US lawyer is seeking the jackpot in the Czech Republic, not just from historic bonds but also from buried Nazi treasure

Ed Fagan poses in Prague with some of the bonds he hopes to cash in on foto: © ČTKČeská pozice

Larger-than-life US lawyer Ed Fagan is seeking two types of treasure in the Czech Republic: As well as his already publicized efforts to follow up claims on a series of interwar Czechoslovak bonds, he is also on the trail of Nazi gold thought to be hidden in the country during the dying days of WWII.

Fagan, together with a business partner, in the US state of Florida, expects by the end of December to dig at one of three sites south of Prague where they believe that Nazi treasure shipped out of Berlin in April 1945 might have been hidden.

“The ground will be hard, so it will be good to dig,” Fagan told Czech Position on Tuesday, just after presenting his bond demands to the Czech Finance Ministry. “We have all the authorizations. ... We started off with five locations where the treasure might be found and now we have narrowed it down to three.” 

The Nazi treasure trail began in Berlin towards the end of WWII when Hitler’s deputy Martin Bormann and other leading Nazis prepared to ship out precious treasures that they had looted across Europe as the allies closed the noose on the capital from the East and West. The only route open was to the south towards Prague.

Some documents seem to suggest that the Nazi treasure was buried in tunnels at an SS concentration camp near the town of Štěchovice, around 30 kilometers from Prague.

“The treasure is thought to be made up of jewels, company certificates, and precious metals,” Fagan explained.

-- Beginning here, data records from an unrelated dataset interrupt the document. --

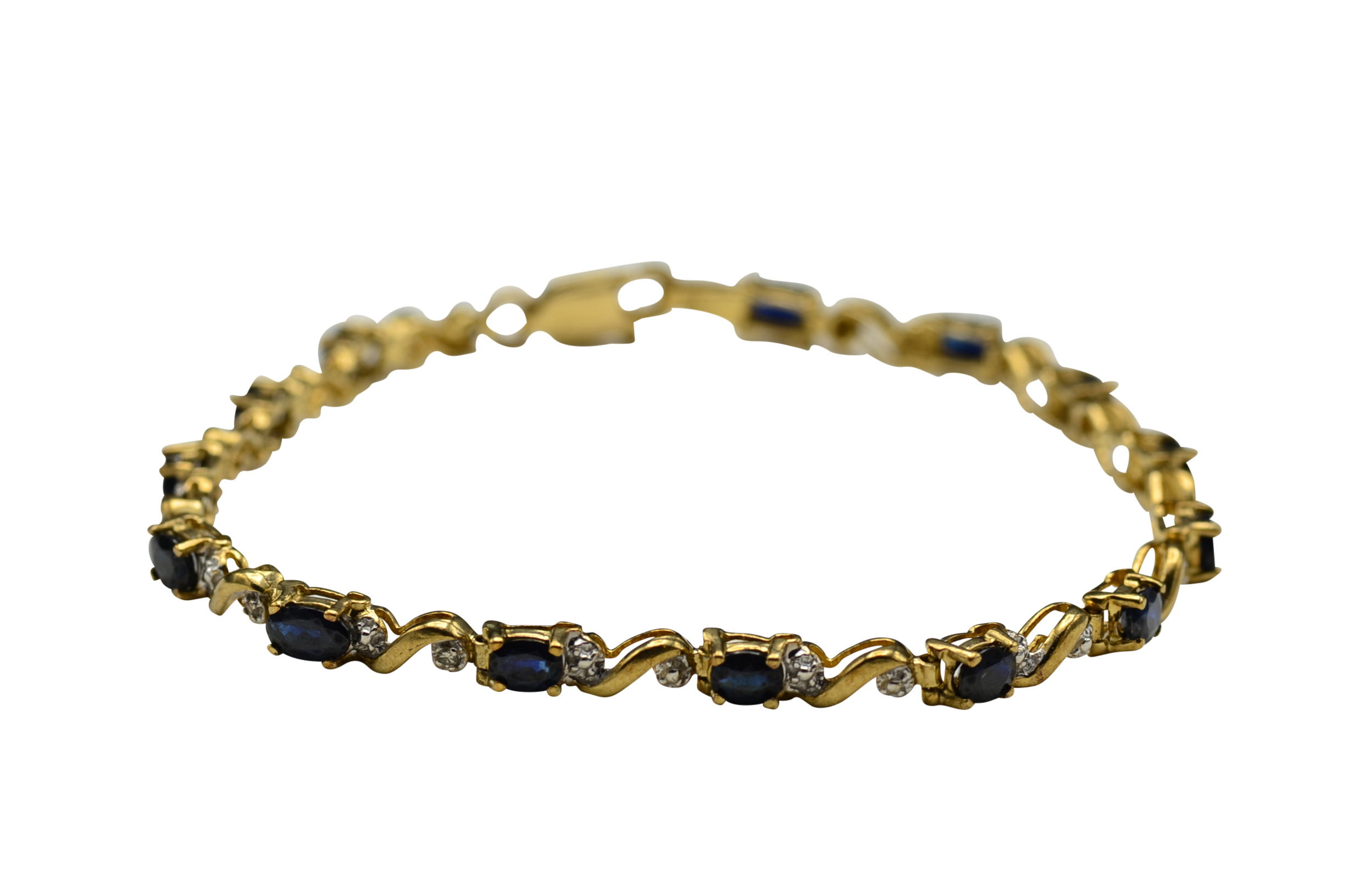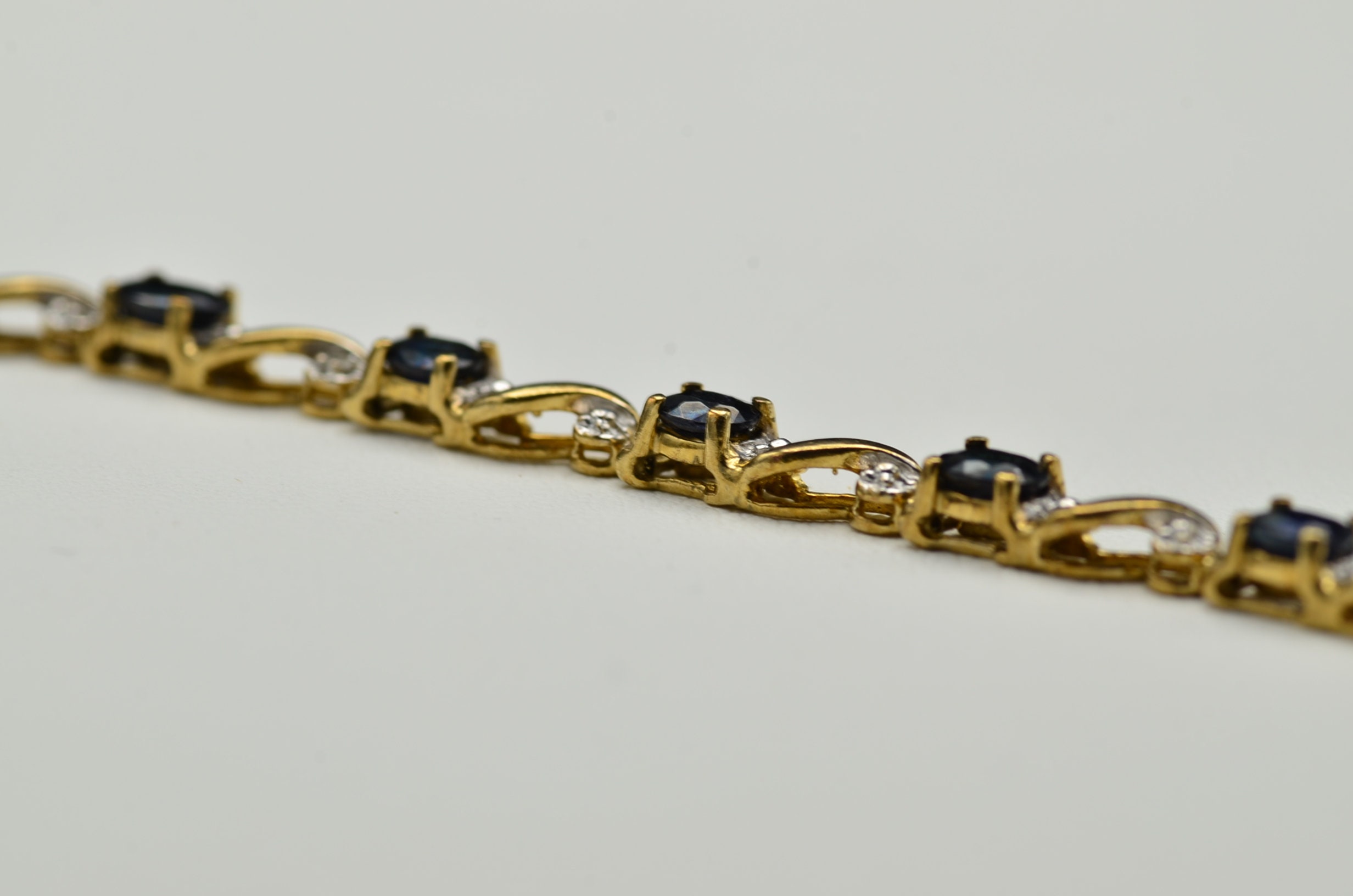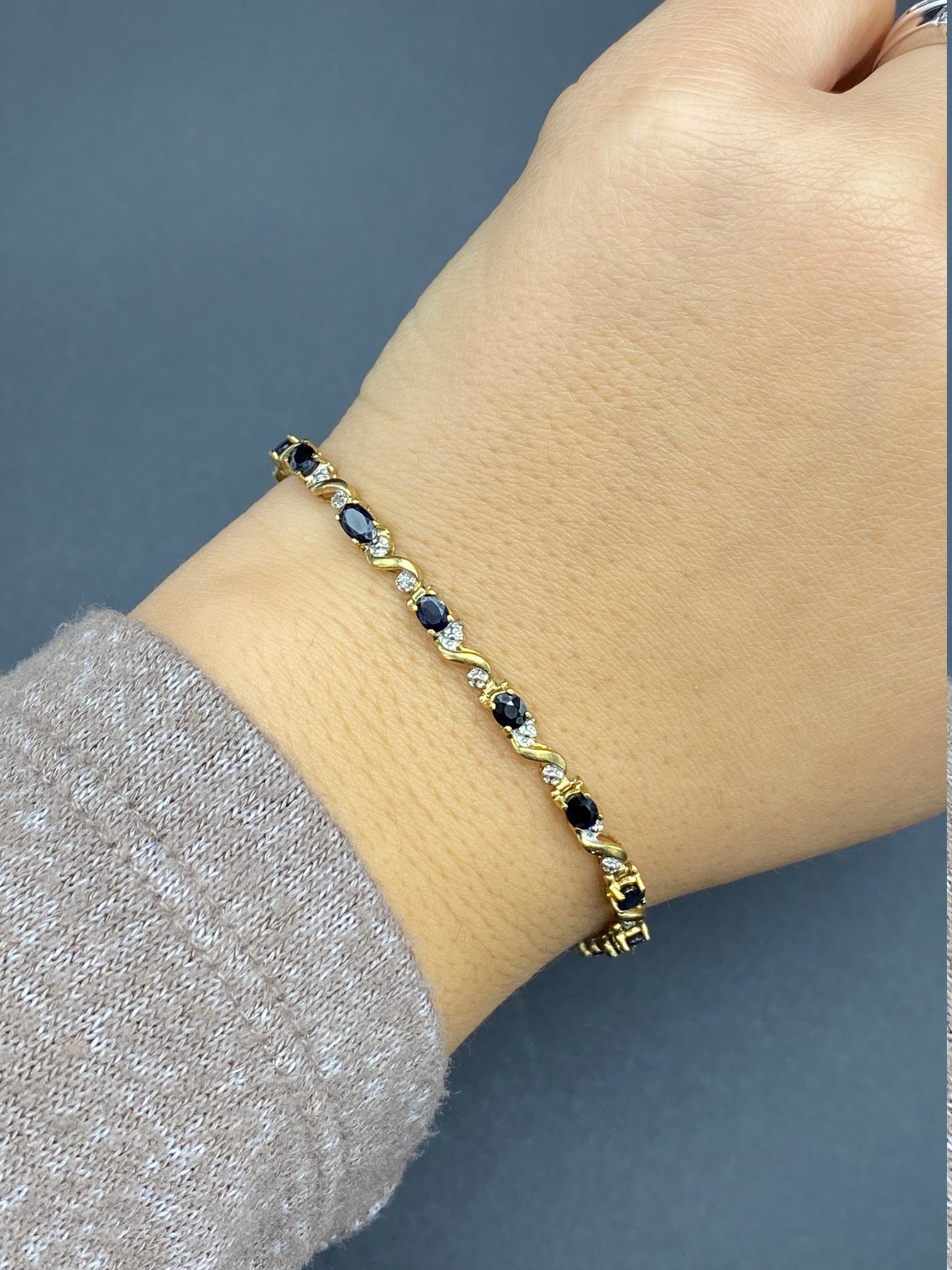 Ladies Midnight Blue Sapphire and Diamond Bracelet. This gem set bracelet is crafted in 14 karat yellow gold and measures a standard 7 inches in length. The bracelet is complete with a lobster style clasp that is easy to open and close.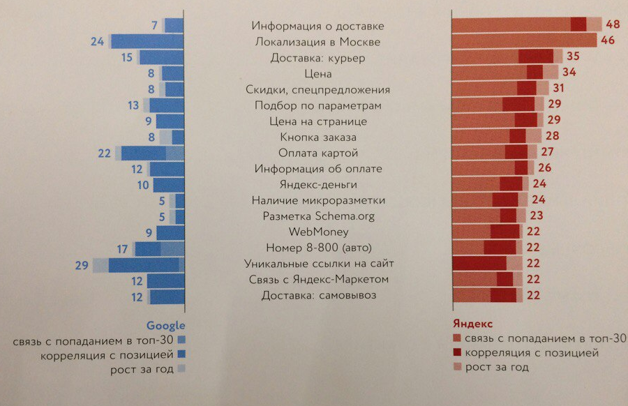 На графике приведены данные для Яндекса и Google по убыванию «силы» параметров.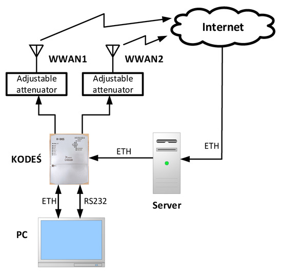 - Błaszkiewicz, O.; Burczyk, R.; Czapiewska, A.; Gajewska, M.; Gajewski, S.; Marczak, A.; Miszewski, M.; Sadowski, J.; Stefański, J. Laboratory stand for automatic analysis of the transmission quality of the KODEŚ concentrator with LTE, NB-IoT and ISM interfaces. Przegląd Telekomunikacyjny i Wiadomości Telekomunikacyjne 2021, 1, 10–19. [Google Scholar]

There has been speculation that the hoard could contain Belgian gold shipped to France during WWII or the lost Russian masterpiece, the Amber Room, a paneled room made from precious stones for the Tsars.

Fagan’s involvement stems from his search for lost bonds and other confiscated Jewish property in Switzerland. In 2009 he was told that records suggested that a large quantity of money and property had been hidden by the Nazis at the end of the war. Fagan has been involved in action against Swiss banks in the 1990s for failing to repay money and assets belonging to Holocaust victims.

He then got into contact with the Sudeten-born Czech, Helmut Gaensel, who has led the search in the Czech Republic for the Nazi treasure; he was put in the same prison by the Czechoslovak Communist authorities in 1961 and 1962 as the Nazi colonel Emil Klein, who is said to have been tasked with burying the treasure at the SS concentration camp south of Prague.

“The French prisoners of war used to seal the tunnel were executed afterwards,” continues Fagan, who added that Klein and his deputy also killed the six SS guards who carried out the execution. Klein was extradited to Germany in 1964 following a prisoner exchange and died there in 1973. He had maintained contact with Gaensel after both were freed.

‘The French prisoners of war used to seal the tunnel were executed afterwards.’

Gaensel, cooperating with the Czechoslovak authorities in 1968, made attempts to find the treasure in 1968, but those attempts were thwarted by the invasion of Soviet-led Warsaw Pact forces that put an end to the so-called Prague Spring. He has continued the attempts since the 1989 fall of the Communist regime.

Fagan says he has prepared the legal ground to secure the treasure if the attempts at the end of the year, or later, hit the jackpot.

“We are going to file the claim under a victim support group that has a right to make such claims. We have agreed that with the Prague central authority which represents victim support groups here,” Fagan explained, add that the group represents all victims of WWII and Nazi persecution, not just the Jews.

Filing in such a way should help stave off claims from the Czech government to some of the treasure, though the litigious US lawyer is expecting a clash with Czech authorities in any case. “I would also like to find some relatives of the French prisoners of war who were executed at the burial site at the end of the war. It would be nice if they could benefit,” Fagan added.

As well as Gaensel’s account, Fagan has also been convinced that the Czech treasure hunt has a real chance of success thanks to documents relating to Nazi SS general Hans Kammler.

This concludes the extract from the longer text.